- [PROBLEM TO WORK ON]:
With the pictures left aside, write out exactly the lines of the listing below from the line with "JARWAR, Aslam, UL" to the line with "大会概要 大会名 ツール・ド・東入間", both included, and only those.

- [INPUT DATA]:
________________________

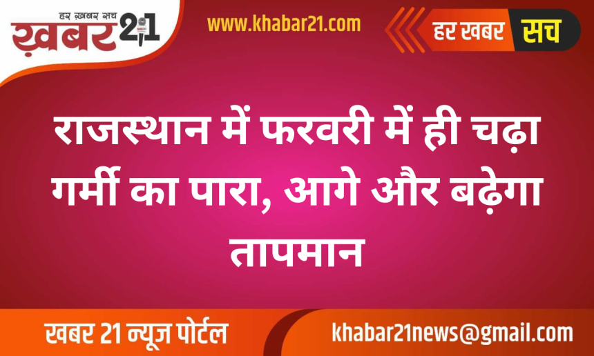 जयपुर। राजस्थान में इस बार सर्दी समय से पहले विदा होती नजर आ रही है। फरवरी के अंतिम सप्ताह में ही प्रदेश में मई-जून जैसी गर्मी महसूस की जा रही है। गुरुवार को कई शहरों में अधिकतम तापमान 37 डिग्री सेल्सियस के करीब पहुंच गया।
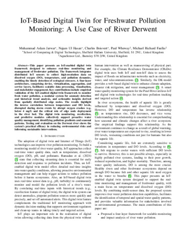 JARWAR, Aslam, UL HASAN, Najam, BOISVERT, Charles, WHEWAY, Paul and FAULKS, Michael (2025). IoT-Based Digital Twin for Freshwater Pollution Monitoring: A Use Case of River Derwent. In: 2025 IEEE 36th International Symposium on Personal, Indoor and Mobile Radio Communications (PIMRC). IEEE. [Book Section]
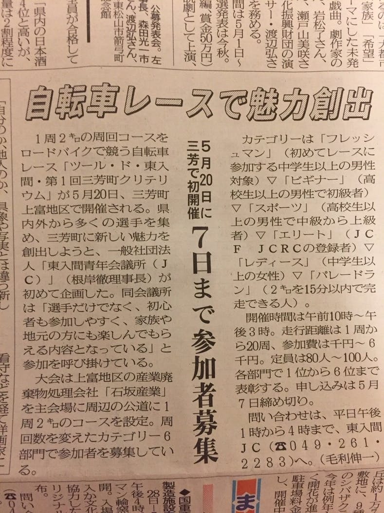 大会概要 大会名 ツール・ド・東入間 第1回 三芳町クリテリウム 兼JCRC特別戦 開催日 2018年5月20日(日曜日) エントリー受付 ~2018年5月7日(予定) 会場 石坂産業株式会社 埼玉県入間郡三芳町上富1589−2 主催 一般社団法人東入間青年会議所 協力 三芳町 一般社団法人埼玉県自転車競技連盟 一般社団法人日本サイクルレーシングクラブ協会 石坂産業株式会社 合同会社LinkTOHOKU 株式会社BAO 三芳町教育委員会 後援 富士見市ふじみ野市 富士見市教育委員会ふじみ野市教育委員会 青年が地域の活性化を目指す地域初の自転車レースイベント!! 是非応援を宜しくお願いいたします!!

________________________

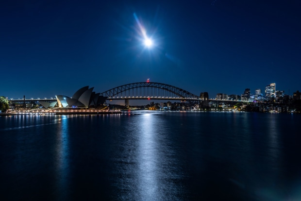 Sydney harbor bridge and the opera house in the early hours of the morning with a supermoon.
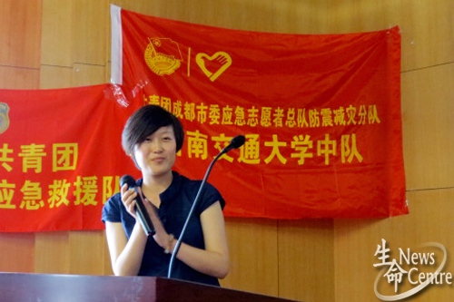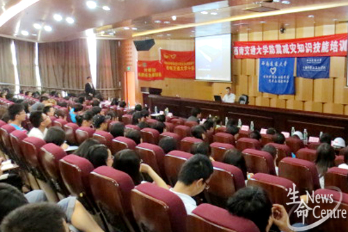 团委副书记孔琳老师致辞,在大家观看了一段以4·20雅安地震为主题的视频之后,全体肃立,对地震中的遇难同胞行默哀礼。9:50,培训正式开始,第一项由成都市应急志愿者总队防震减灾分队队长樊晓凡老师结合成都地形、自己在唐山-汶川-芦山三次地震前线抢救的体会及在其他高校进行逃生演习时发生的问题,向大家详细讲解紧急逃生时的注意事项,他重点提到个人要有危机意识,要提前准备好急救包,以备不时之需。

________________________

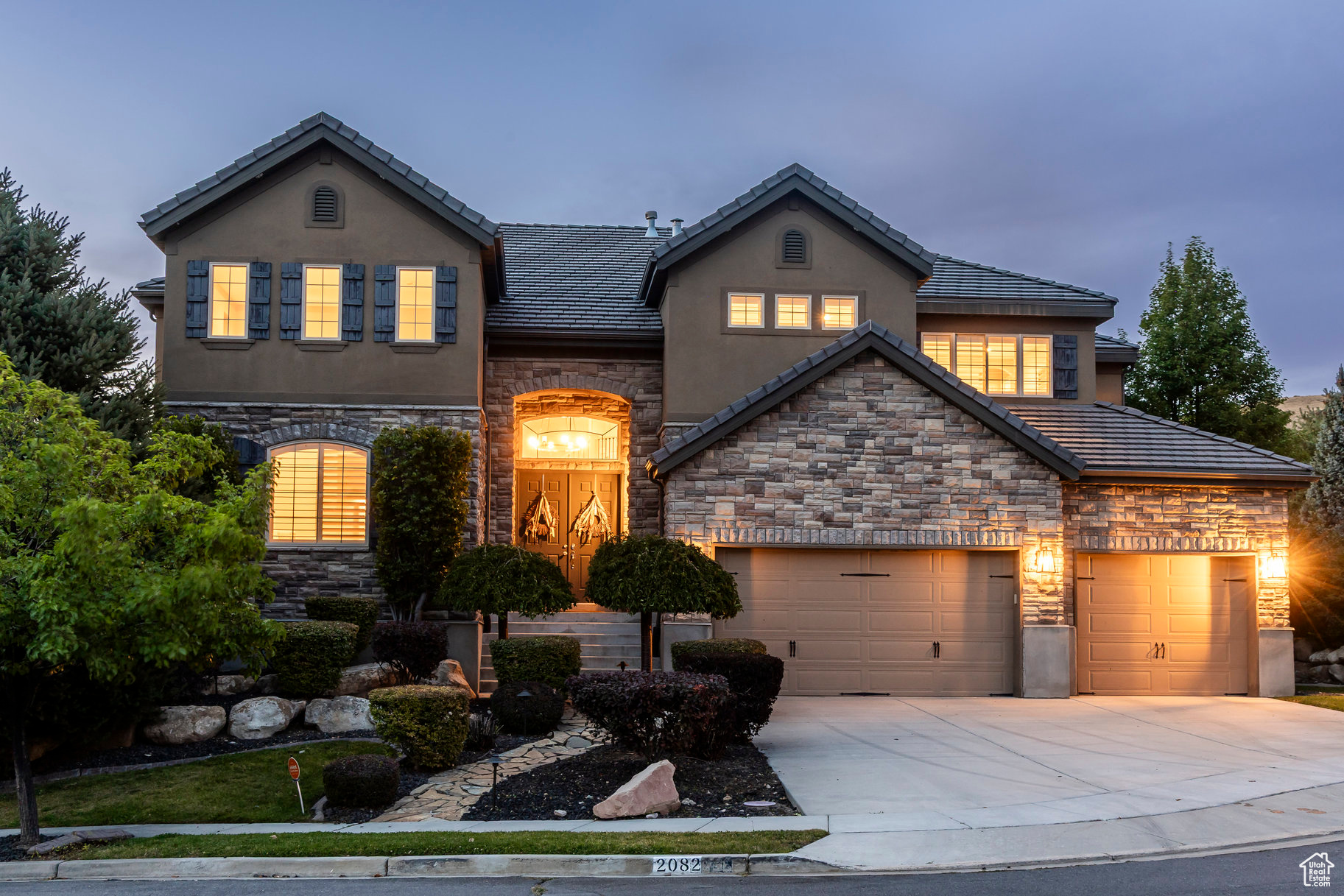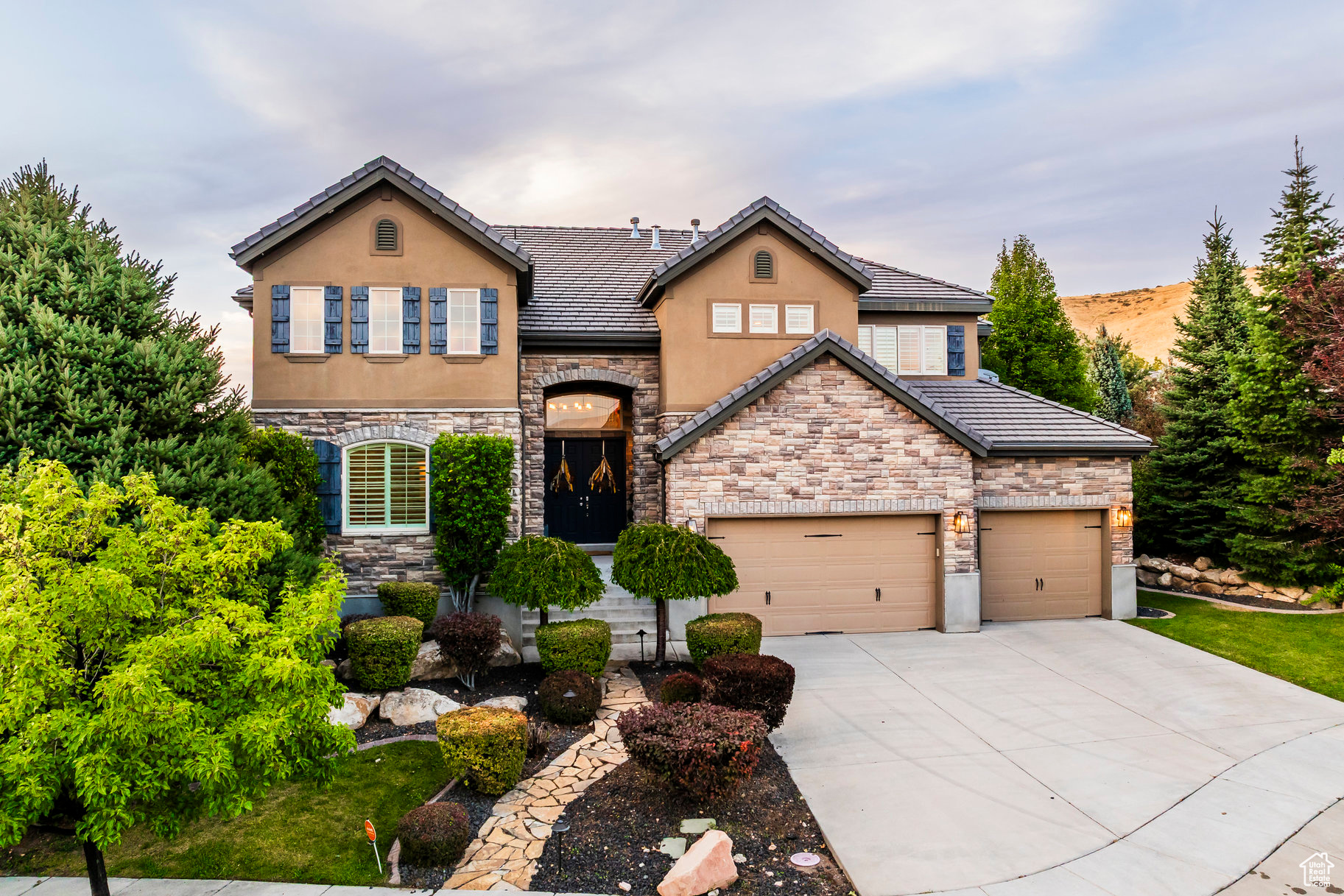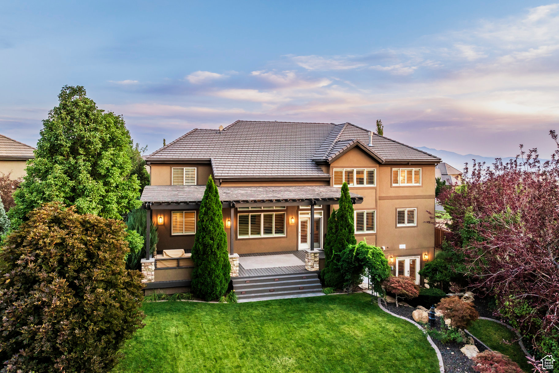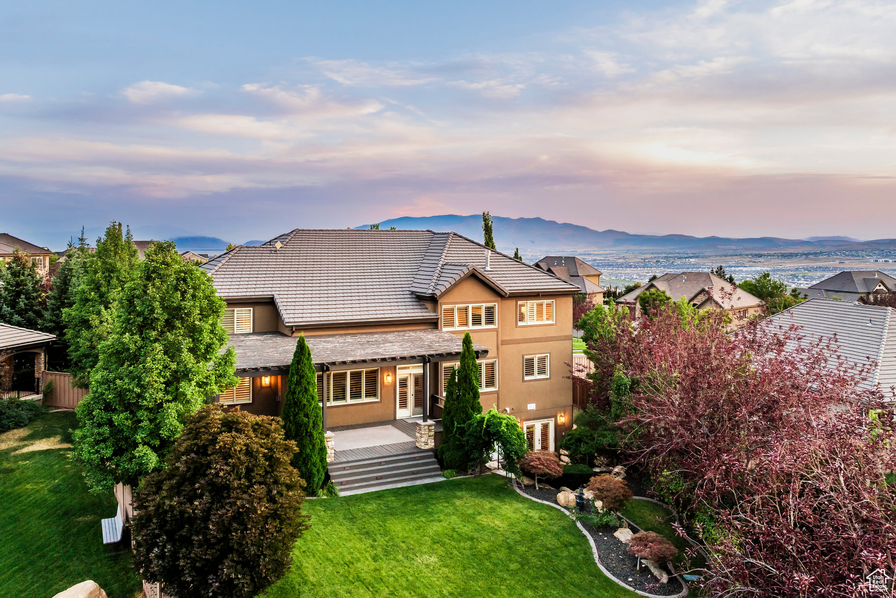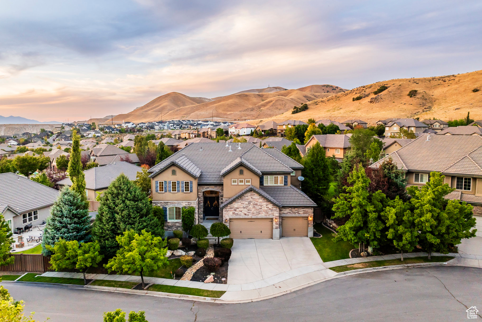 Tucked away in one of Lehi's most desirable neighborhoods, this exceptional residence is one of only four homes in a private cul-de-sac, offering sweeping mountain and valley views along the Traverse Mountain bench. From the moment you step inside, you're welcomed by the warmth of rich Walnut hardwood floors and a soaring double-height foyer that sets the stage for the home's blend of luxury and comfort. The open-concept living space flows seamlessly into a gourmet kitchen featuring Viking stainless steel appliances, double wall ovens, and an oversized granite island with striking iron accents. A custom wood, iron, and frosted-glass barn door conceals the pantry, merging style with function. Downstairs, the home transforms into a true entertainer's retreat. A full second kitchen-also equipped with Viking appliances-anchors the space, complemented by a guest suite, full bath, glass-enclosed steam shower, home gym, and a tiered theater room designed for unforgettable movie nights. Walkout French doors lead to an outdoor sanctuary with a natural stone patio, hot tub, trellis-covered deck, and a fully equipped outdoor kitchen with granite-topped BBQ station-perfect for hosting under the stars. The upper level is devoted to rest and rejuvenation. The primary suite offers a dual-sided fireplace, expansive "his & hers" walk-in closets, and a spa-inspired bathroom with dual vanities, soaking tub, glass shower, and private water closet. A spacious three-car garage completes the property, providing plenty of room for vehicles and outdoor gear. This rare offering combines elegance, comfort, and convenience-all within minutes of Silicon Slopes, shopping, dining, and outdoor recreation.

________________________

- [TASK SOLUTION]:
 JARWAR, Aslam, UL HASAN, Najam, BOISVERT, Charles, WHEWAY, Paul and FAULKS, Michael (2025). IoT-Based Digital Twin for Freshwater Pollution Monitoring: A Use Case of River Derwent. In: 2025 IEEE 36th International Symposium on Personal, Indoor and Mobile Radio Communications (PIMRC). IEEE. [Book Section]
 大会概要 大会名 ツール・ド・東入間 第1回 三芳町クリテリウム 兼JCRC特別戦 開催日 2018年5月20日(日曜日) エントリー受付 ~2018年5月7日(予定) 会場 石坂産業株式会社 埼玉県入間郡三芳町上富1589−2 主催 一般社団法人東入間青年会議所 協力 三芳町 一般社団法人埼玉県自転車競技連盟 一般社団法人日本サイクルレーシングクラブ協会 石坂産業株式会社 合同会社LinkTOHOKU 株式会社BAO 三芳町教育委員会 後援 富士見市ふじみ野市 富士見市教育委員会ふじみ野市教育委員会 青年が地域の活性化を目指す地域初の自転車レースイベント!! 是非応援を宜しくお願いいたします!!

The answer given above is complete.